[Start of section]

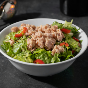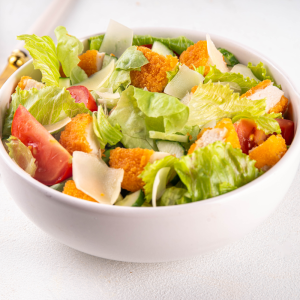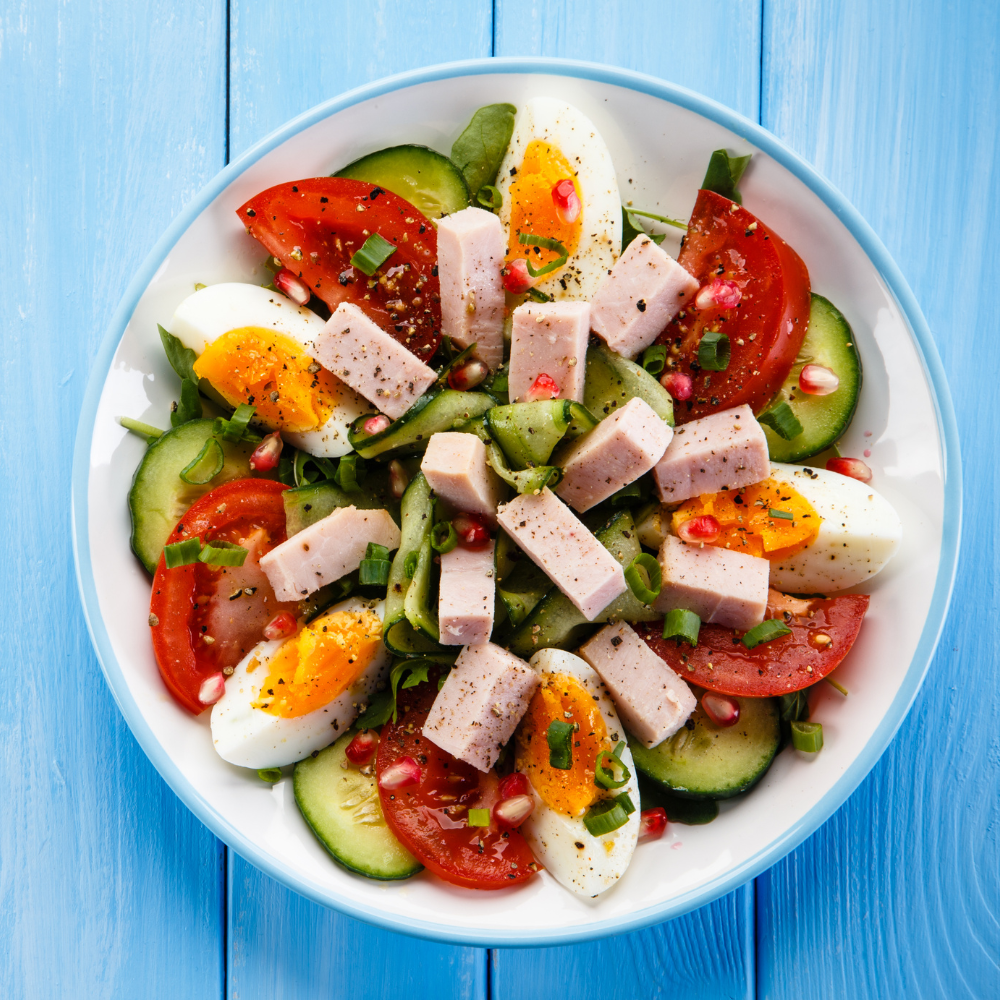 Cu salata verde, castraveti, rosii, ardei gras, sunca, branza, masline, ou.
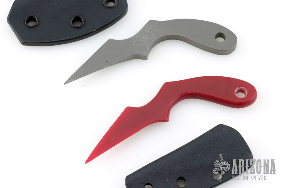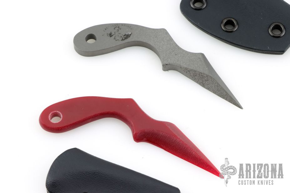 This Baby UUK Laci Szabo is made from G10, and it has a chisel ground blade with a double edge, .263" blade stock and .719" blade depth, integral construction. Includes Kydex neck sheath. Weighs .2 oz. New from maker.
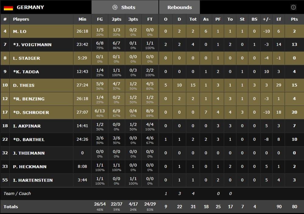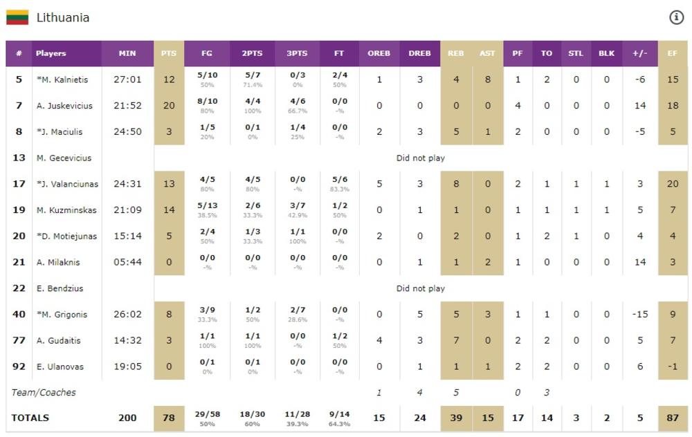 Najefikasniji igrač pobedničkog tima bio je Juskevičijus sa 20 poena. Kuzminskas je ubacio 14, Valančijunas 13, Kalnietis 12, uz osam asistencija...
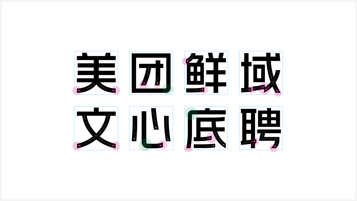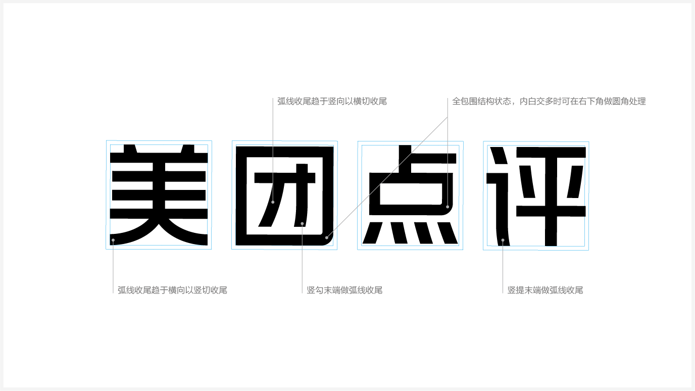 一款字体的设计,成果看似简单,而过程却极其考验设计师的设计功底,浓缩了设计师对文字美感的领悟,在反复琢磨和一笔一划细微的调整中让作品越来越鲜活富有灵气。以上就是关于美团品牌字体设计过程中的个人思考和阶段性总结,如果能起到抛砖引玉的效果,不胜荣幸,希望各位同侪不吝赐教。
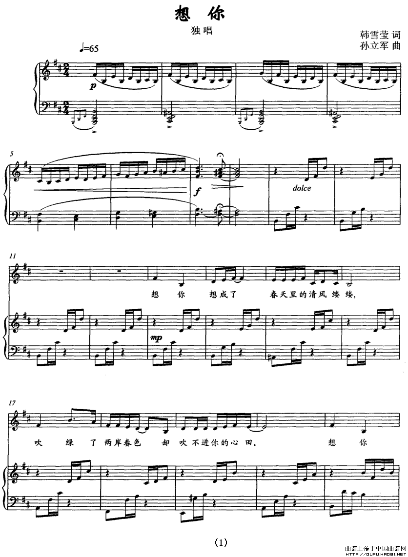 想你(韩雪莹词 孙立军曲、正谱)曲谱是由作词:韩雪莹作曲:孙立军格式:五线谱,上传:秋叶起舞,版权归原作者所有。
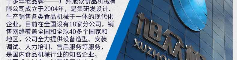 廣州旭眾食品機械有限公司是一家集科研開發(fā),生產(chǎn)設(shè)計,營銷服務(wù)為一體的現(xiàn)代化生產(chǎn)企業(yè)?,F(xiàn)代化生產(chǎn)車間,精湛制造技術(shù),所產(chǎn)機械歷經(jīng)市場重重考驗,不斷贏得海內(nèi)外客戶的贊譽。
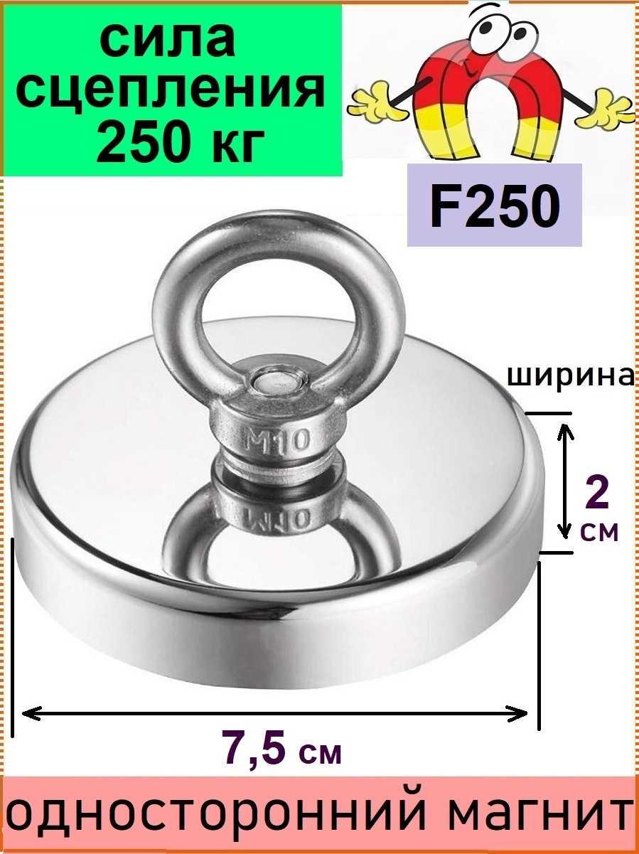 Поисковый магнит односторонний 250 кг, F250, неодимовый, размер 7,5 х 2 см
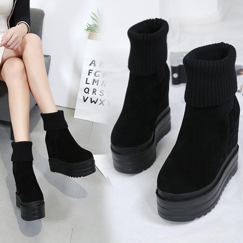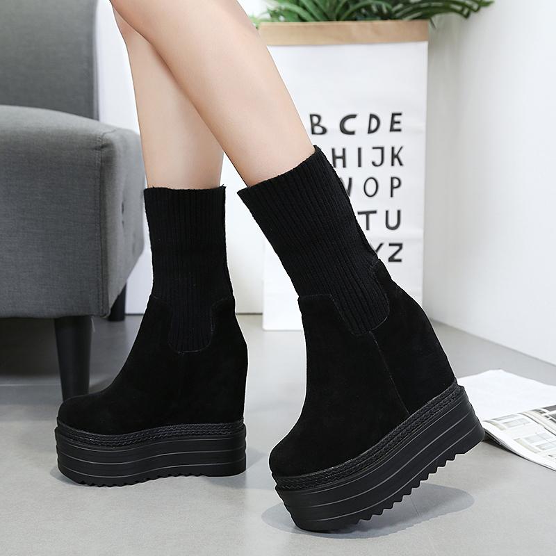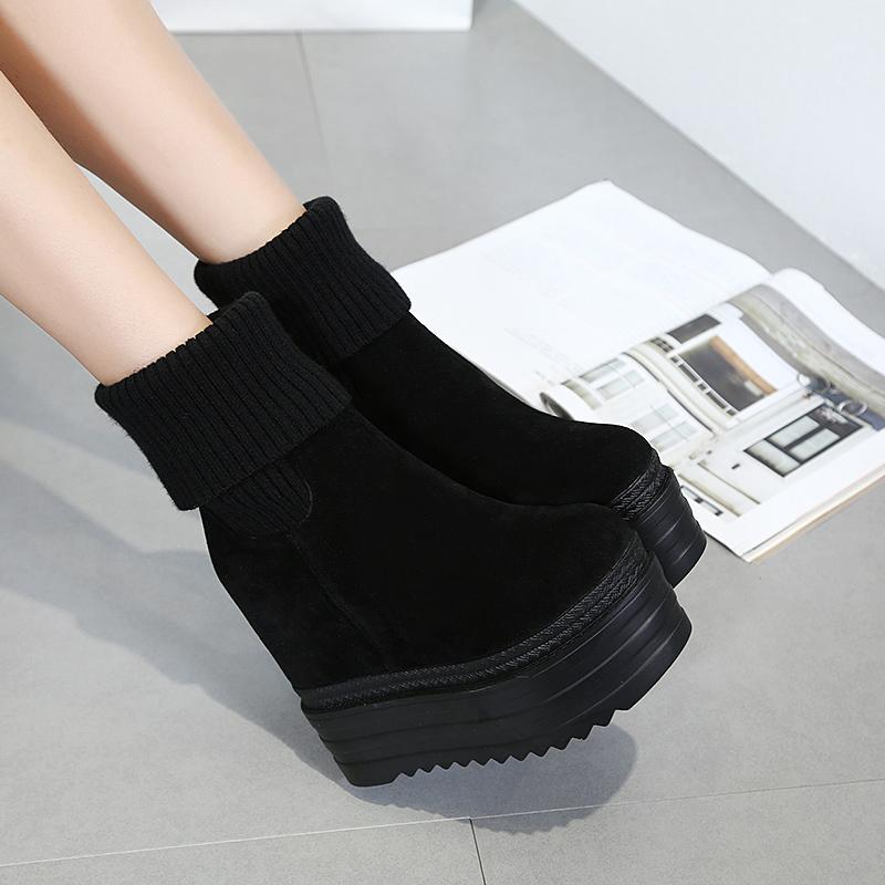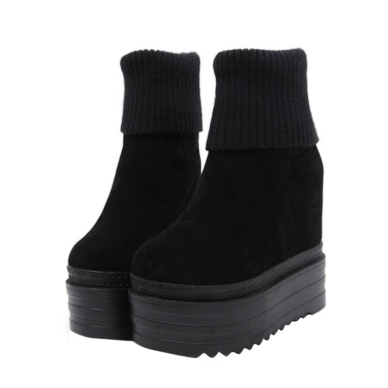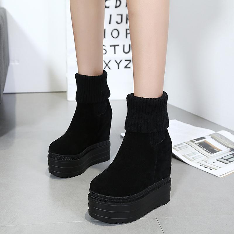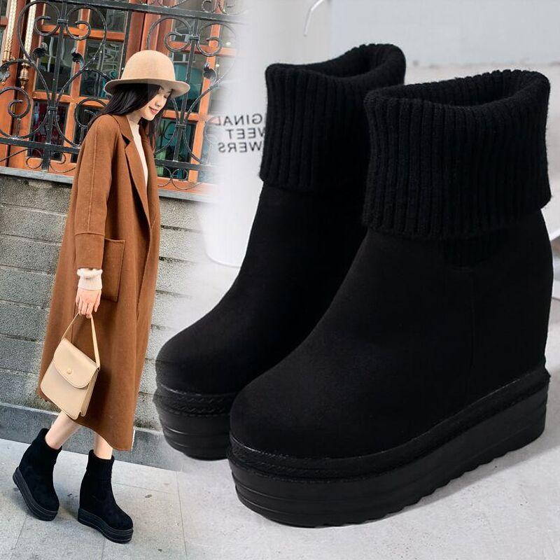 2024 зимние женские ботильоны на танкетке, высокие ботинки на платформе, толстые туфли на высоком каблуке, черные повседневные вязаные ботинки

[End of section]

### Try it
Copy back exactly the lines above from the one containing "Najefikasniji igrač pobedničkog" through the one containing "想你(韩雪莹词 孙立军曲、正", and leave every picture behind.

### Completed task
 Najefikasniji igrač pobedničkog tima bio je Juskevičijus sa 20 poena. Kuzminskas je ubacio 14, Valančijunas 13, Kalnietis 12, uz osam asistencija...
 一款字体的设计,成果看似简单,而过程却极其考验设计师的设计功底,浓缩了设计师对文字美感的领悟,在反复琢磨和一笔一划细微的调整中让作品越来越鲜活富有灵气。以上就是关于美团品牌字体设计过程中的个人思考和阶段性总结,如果能起到抛砖引玉的效果,不胜荣幸,希望各位同侪不吝赐教。
 想你(韩雪莹词 孙立军曲、正谱)曲谱是由作词:韩雪莹作曲:孙立军格式:五线谱,上传:秋叶起舞,版权归原作者所有。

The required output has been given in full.